January 21, 2014 - by Simone Ulmer
Torsten Hoefler has a PhD in computer science, is 32 years old and has been an Assistant Professor at ETH Zurich for one year now. When he talks about his work, he clearly shows his enthusiasm for his field but also for hardware and research with supercomputers. “I want to be world-class in what I do”, says Hoefler. Many of his colleagues feel that he already holds this position in high-performance computing (HPC). His short, meteoric career took him from Chemnitz Technical University where he graduated, on to a PhD at Indiana University, a position as Adjunct Assistant Professor at the University of Illinois and from there to ETH Zurich. Honours and awards adorn his office and they confirm that his work has earned him considerable recognition and respect in the expert community.
Success through cooperation
In conversation Hoefler shows his awareness of the fact that it is not possible to be as good in all research areas as in one’s own. He comments that because high-performance computing applications and hardware construction are closely linked to his work as a computer scientist, it was essential for him to work hand in hand with computer centres, the scientific users of supercomputers in the most diverse areas of research and hardware manufacturers.

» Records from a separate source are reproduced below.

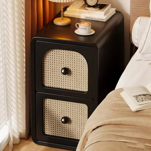 GUQASDV Table de Chevet en Bois Massif, Tables D'appoint Moderne Meuble de Chevet avec Commode, Armoire de Rangement sans Poignée for Salon, Chambre À Coucher et Bureau(Nero,17.7in/45cm)
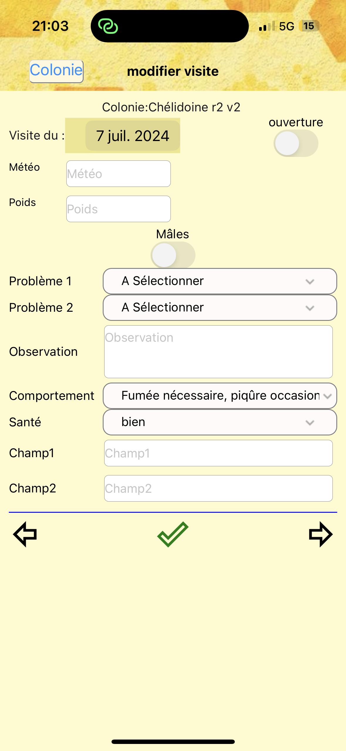 - l’écran de détail de la visite (on y arrive en appuyant sur la synthèse de la visite - écran liste visites ou colonie)
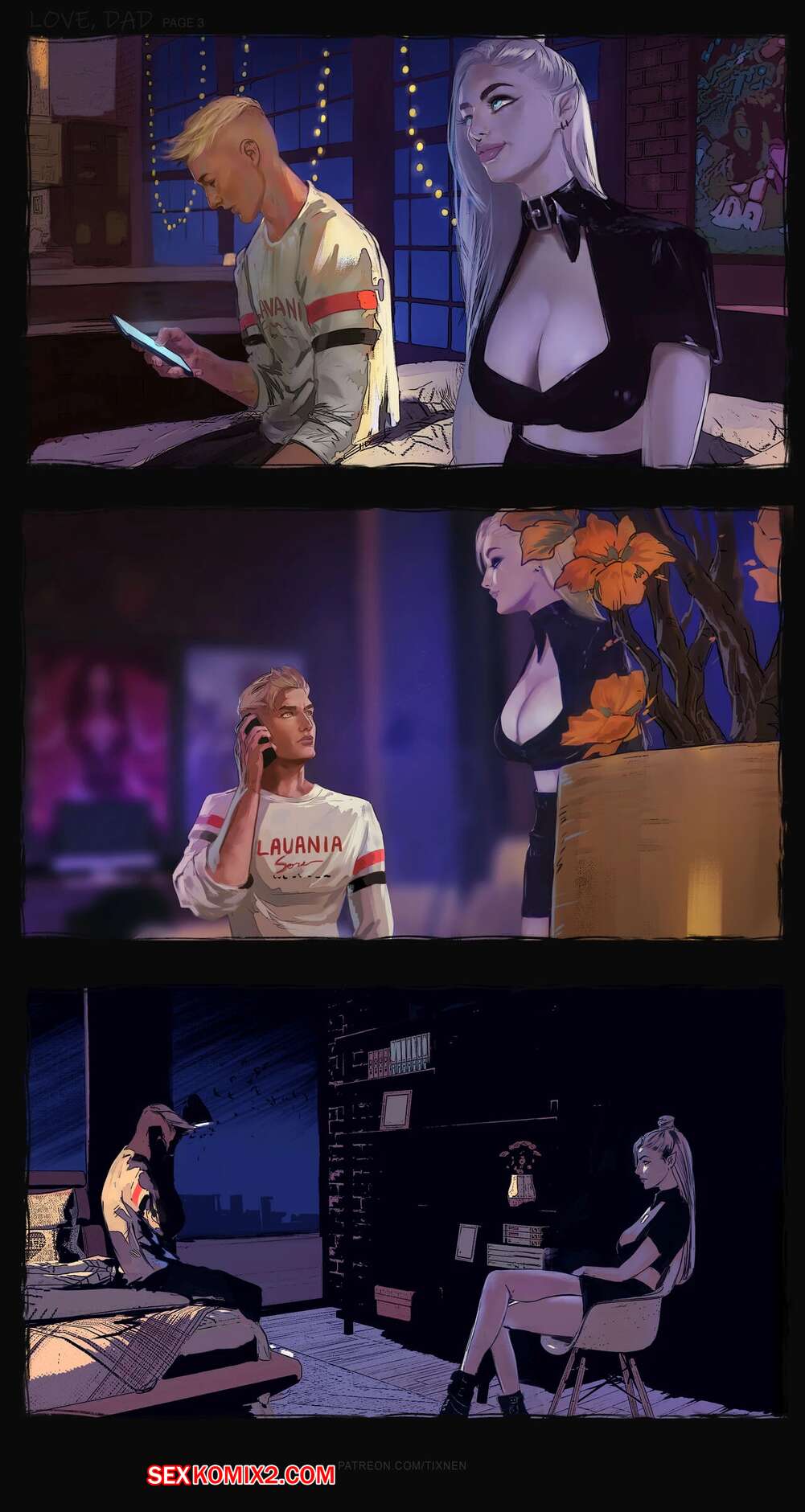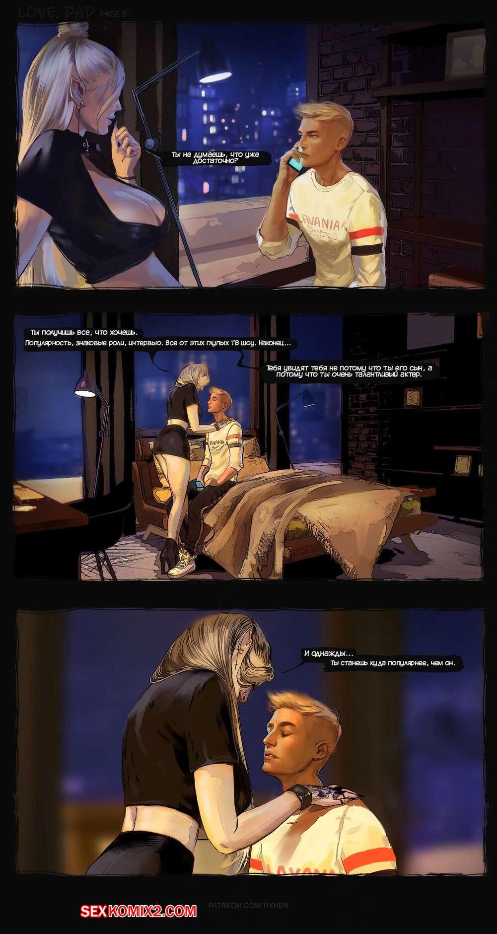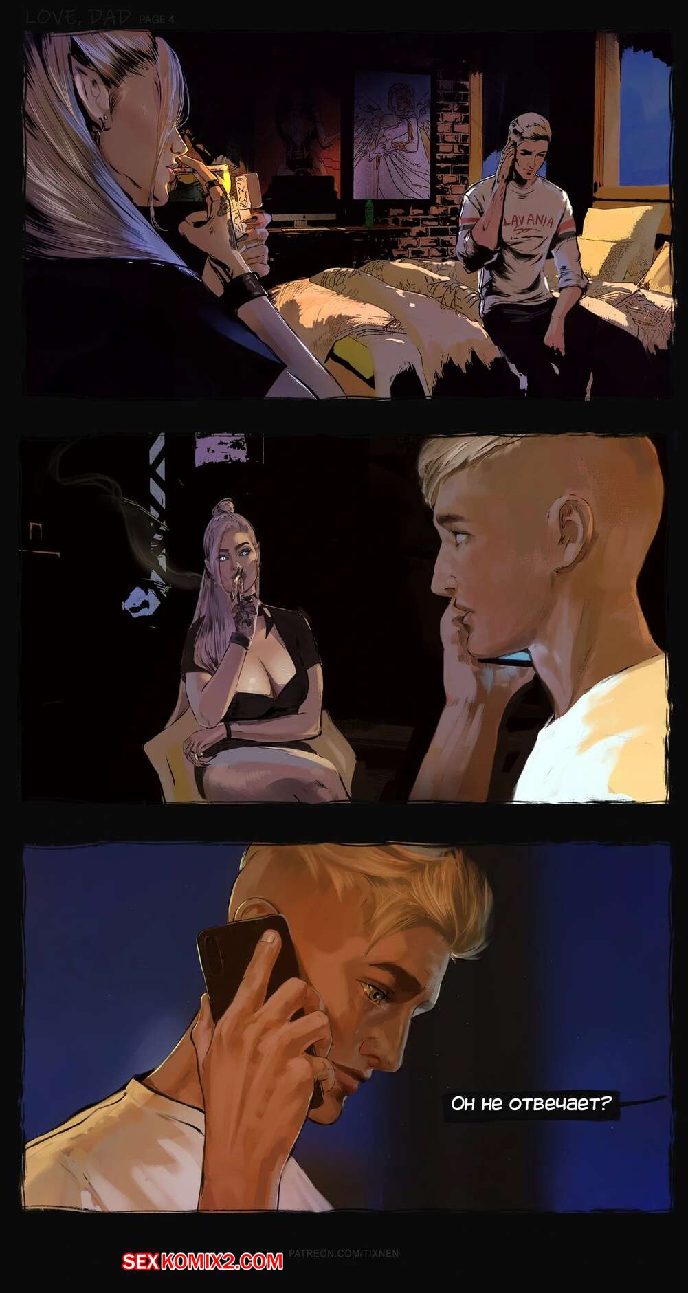 Порно комикс Люблю папу. Love Dad. TIXNEN Молодой парень переживал о своих отношениях с отцом, а сисястая блондинка решила его утешить. Красотка разделась и стала сосать большой хуй парня, после чего дала ему себя выебать.

This cooperation, a foregone conclusion for him, was alien to the community for a long time. Computer science differs considerably from high-performance computing where in some cases natural scientists engineers and, to an increasing degree, social scientists are active who are far removed from computer science. The users solve complex problems with hardware and software developed by computer scientists. Hoefler would like to draw together the two worlds through his work and his commitment. His goal is to make both supercomputer hardware and software more efficient through close cooperation.
He did not choose ETH Zurich and Switzerland as the location for his research by chance. He saw the best opportunities here for this kind of high-level cooperation under the best possible conditions. Here there were many important users, for instance, in the area of fluid dynamics, the molecular sciences or climate and earth sciences. In particular with the new supercomputer “Piz Daint” at the CSCS high-performance computing centre, Switzerland was on a par with the USA regarding technology and years ahead of many other computer centres. “Switzerland is really in the Formula 1 race when it comes to high-performance computing” he says with conviction.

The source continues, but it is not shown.